David Gortler, a drug safety expert and former FDA official who was not involved in the research, said it is important to note that a lot of the medications in the study are niche drugs used for specialty-type diseases. Blockbuster-type drugs used by many people, such as a cholesterol medication, would typically be tested on a much larger population before approval.

“There is nothing to be alarmed about with this,” Gortler said. He often notes that drugs will work differently in a person who weighs 200 pounds, for instance, versus someone who is 125 pounds. Race, gender, ethnicity and other health problems all can affect how a drug works.

“We may all be human beings, but drugs react differently in all of us, so you are going to see issues. This is to be expected,” Gortler said.

This study comes as the Trump administration has vowed to “slash restraints” on drug development and has promised that the FDA drug approval process will speed up. President Donald Trump mentioned this priority in his first address to a joint session of Congress in January.

There have been previous efforts to speed drug approval. In 1988, the FDA formalized its “fast track” designation, and in 1992, the agency created the “accelerated approval” process to allow drugs to go ahead with even earlier-stage data if they are intended to treat a life-threatening or serious illness.

On average, it takes about 12 years to get a drug from the research phase to patient. Only five in 5,000 drugs in preclinical testing make it to human trials, and only one in five is ever approved for human use.
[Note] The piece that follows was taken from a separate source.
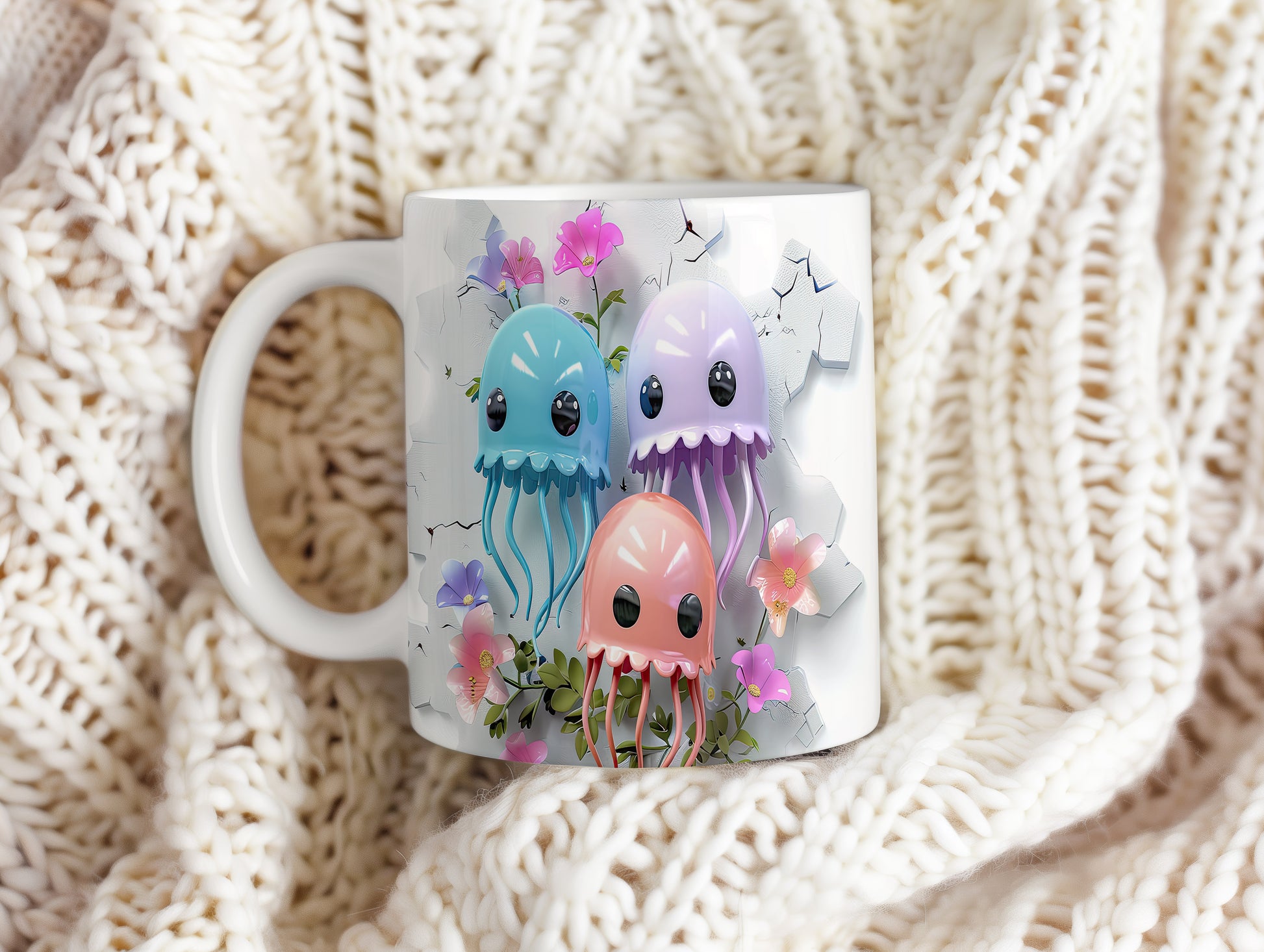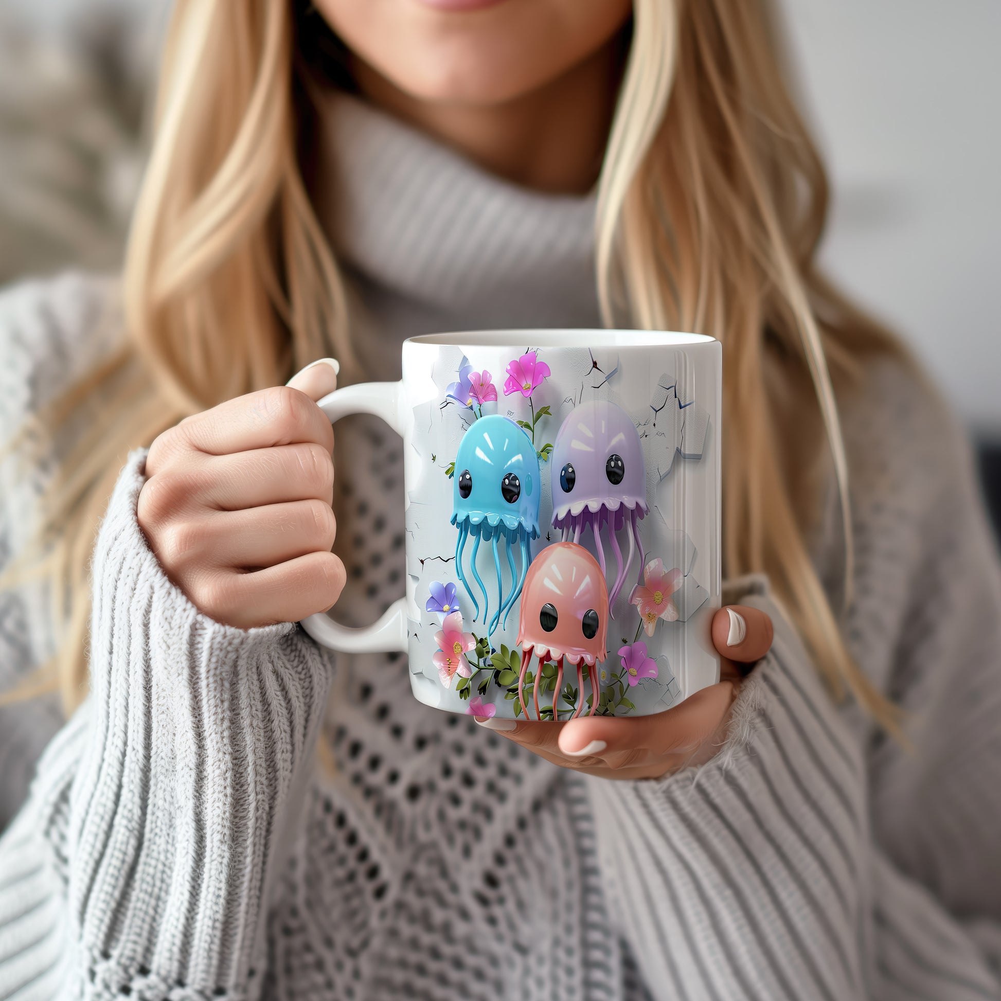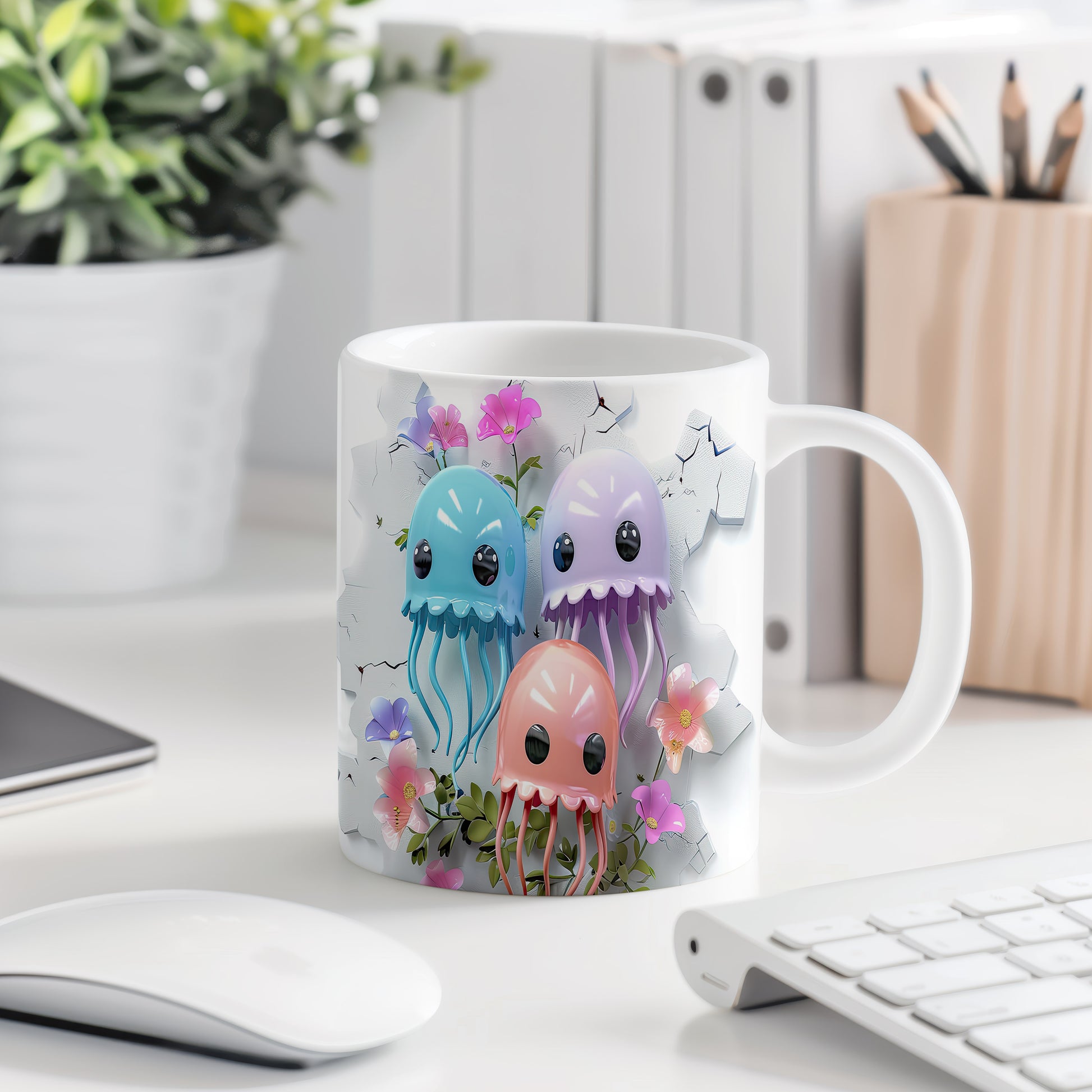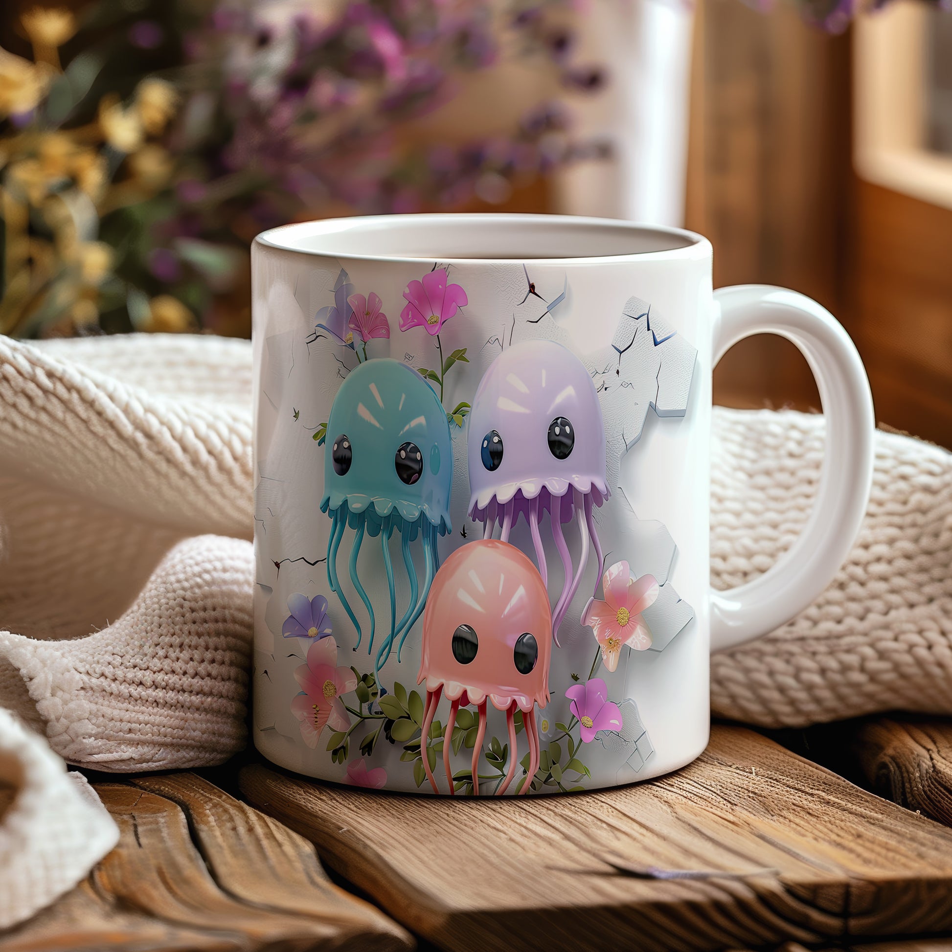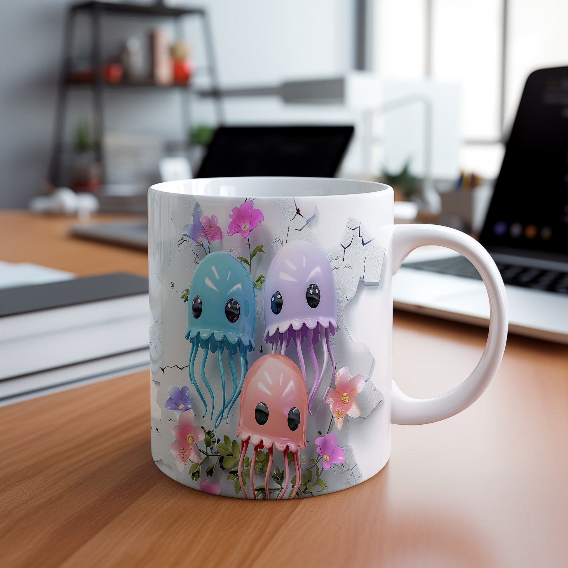 Tento keramický hrnek s roztomilými medúzami a květinami je skvělým doplňkem pro milovníky moře a originálních designů. Je ideální jako dárek pro přátele nebo rodinu, kteří ocení jedinečné kousky. Materiál: keramika. Objem: 330 ml. Vhodné do myčky i mikrovlnky. Díky svému designu přináší do každodenního pití radost a barevnost.

A 2015 independent analysis of drugs approved using the accelerated processing time found that the trend toward faster approval “is being driven by drugs that are not first in class and thus potentially are less innovative.”

Other studies have showed that some drugs approved using this quicker process had a large number of adverse events that required additional warning labels.

Downing said the new study is a good argument for continuous monitoring of the safety of drugs “throughout their life cycle.”